* _Exercise objective_
The data must be reproduced verbatim; images are to be omitted.

* _Information supplied_
--- --- ---

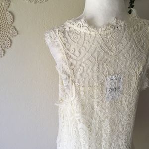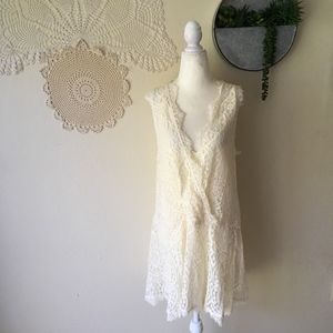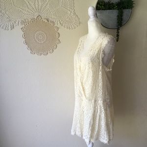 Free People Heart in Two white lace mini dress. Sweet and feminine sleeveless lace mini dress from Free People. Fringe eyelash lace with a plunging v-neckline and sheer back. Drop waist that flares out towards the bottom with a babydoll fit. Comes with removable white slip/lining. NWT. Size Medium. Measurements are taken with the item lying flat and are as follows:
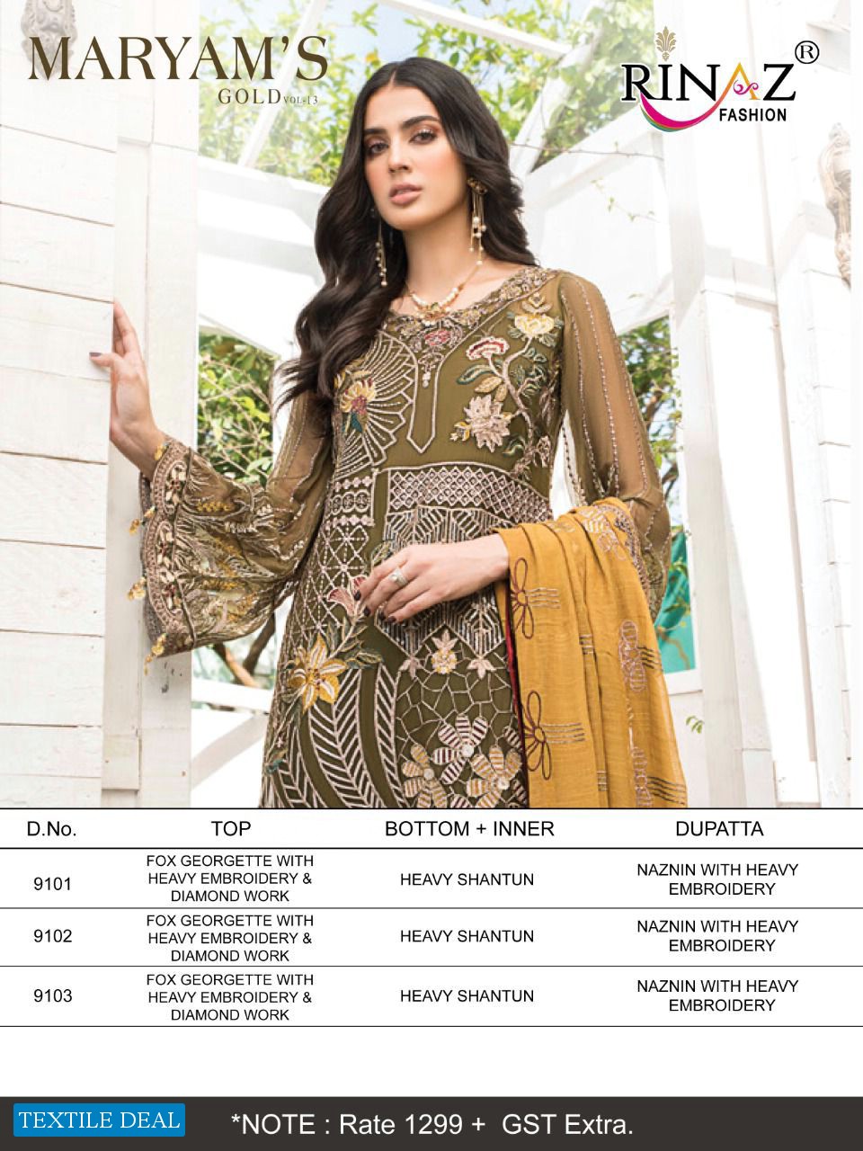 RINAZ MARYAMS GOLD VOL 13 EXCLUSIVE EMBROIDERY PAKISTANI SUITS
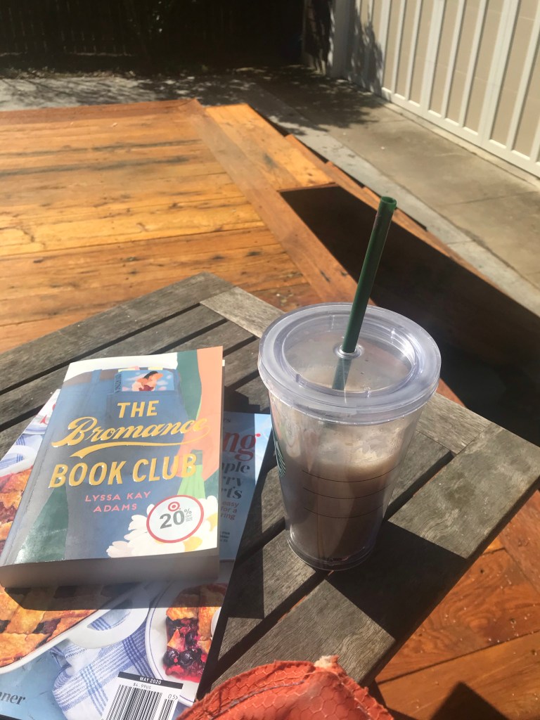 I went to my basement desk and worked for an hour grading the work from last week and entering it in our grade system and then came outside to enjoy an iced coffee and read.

--- --- ---

* _Response area_
 Free People Heart in Two white lace mini dress. Sweet and feminine sleeveless lace mini dress from Free People. Fringe eyelash lace with a plunging v-neckline and sheer back. Drop waist that flares out towards the bottom with a babydoll fit. Comes with removable white slip/lining. NWT. Size Medium. Measurements are taken with the item lying flat and are as follows:
 RINAZ MARYAMS GOLD VOL 13 EXCLUSIVE EMBROIDERY PAKISTANI SUITS
 I went to my basement desk and worked for an hour grading the work from last week and entering it in our grade system and then came outside to enjoy an iced coffee and read.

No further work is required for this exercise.